Hosting and distributing Debian packages with aptly and S3

This article describes Thread’s current setup for hosting and distributing Debian packages. We’ll first explain why we ended up with this setup and provide steps necessary to replicate it as well as a high level cost overview.

Context & Goals

We currently distribute most of our Python applications to production as Debian packages. This is native to our distribution of choice (Debian), and offers clear advantages such as dependency resolution between packages and integration with systemd.

We previously used a hosted service called Aptnik to distribute private packages. This worked well for some years, unfortunately it was discontinued earlier this year, leading us to evaluate alternatives.

Our application delivery process is rather simple ¹:

1. On successful CI build, we upload the package(s) to the apt repository.
2. We release by ssh-ing into production machines and installing the latest version.

As such the requirements were mainly:

1. Provide a simple & safe mechanism for uploading new package versions.
2. Securely & reliably serve the packages to our infrastructure (bare metal and cloud VMs).

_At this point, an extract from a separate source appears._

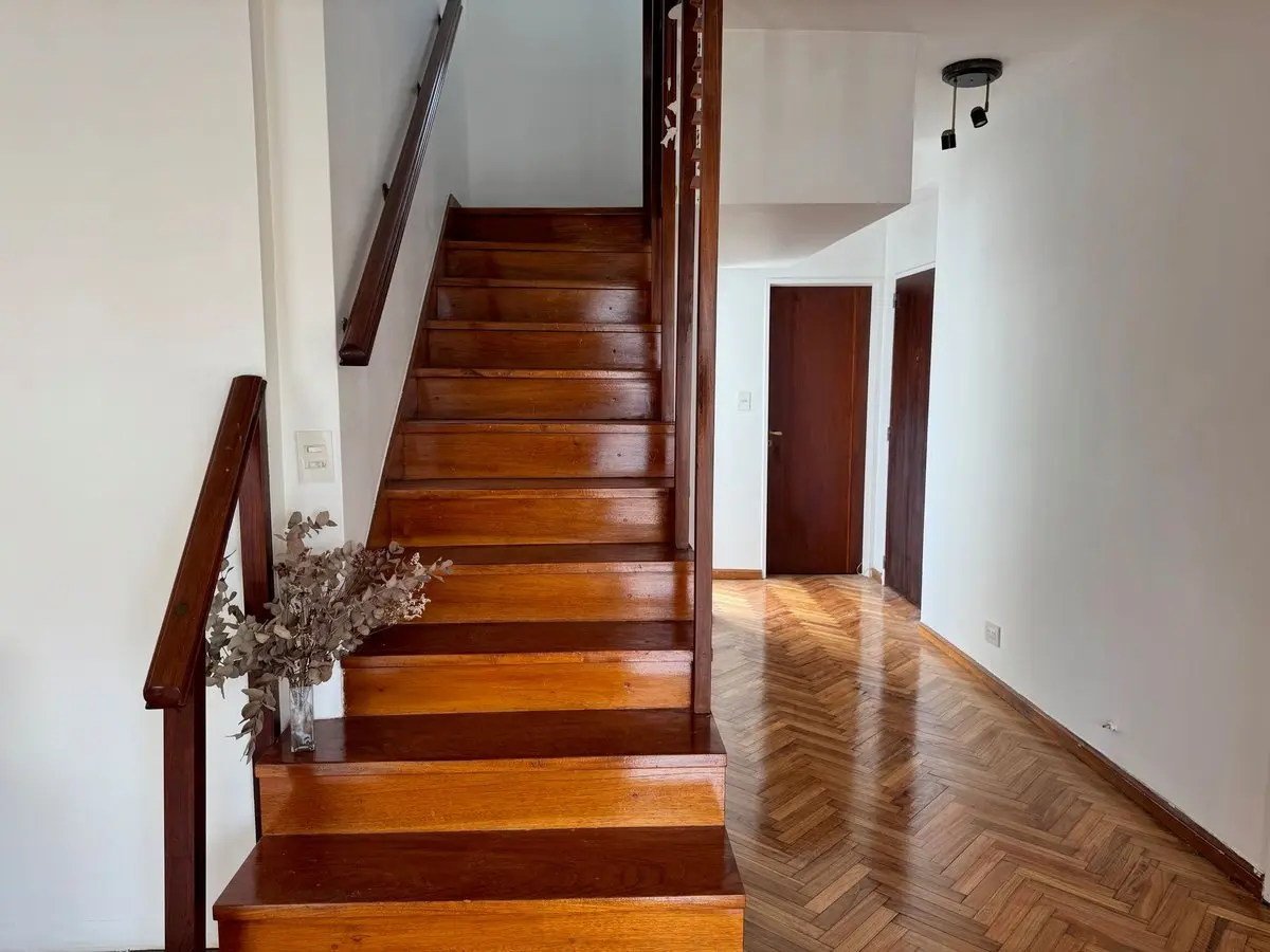 Двухуровневая квартира в Belgrano, расположена на улице Ciudad de la Paz, рядом с Av. Cabildo и Av. Juramento. Первый уровень включает большую гостиную-столовую с выходом на длинный балкон, гостевой туалет, спальню или кабинет под лестницей, а также кухню с местом для хранения и зоной для ежедневных приемов пищи. Второй уровень: 3 спальни и 1 полностью оборудованная ванная комната. Отопление осуществляется через газовый камин-печь и кондиционеры, горячая вода через водонагреватель типа calefón.

Our first approach was to look at other fully managed products such as PackageCloud or Cloudsmith to minimise the required engineering effort and operational overhead. Our trial of PackageCloud indicated that their upload API was eventually consistent (leading to unreliable releases) and that this would be too costly ² for our use case. We decided to look at hosting our packages on our own infrastructure and settled on using Aptly (an open source application built to maintain local apt repositories) and serving packages through Amazon S3.

The setup

We'll detail here how we are running the aptly service and how we interact with it from our machines.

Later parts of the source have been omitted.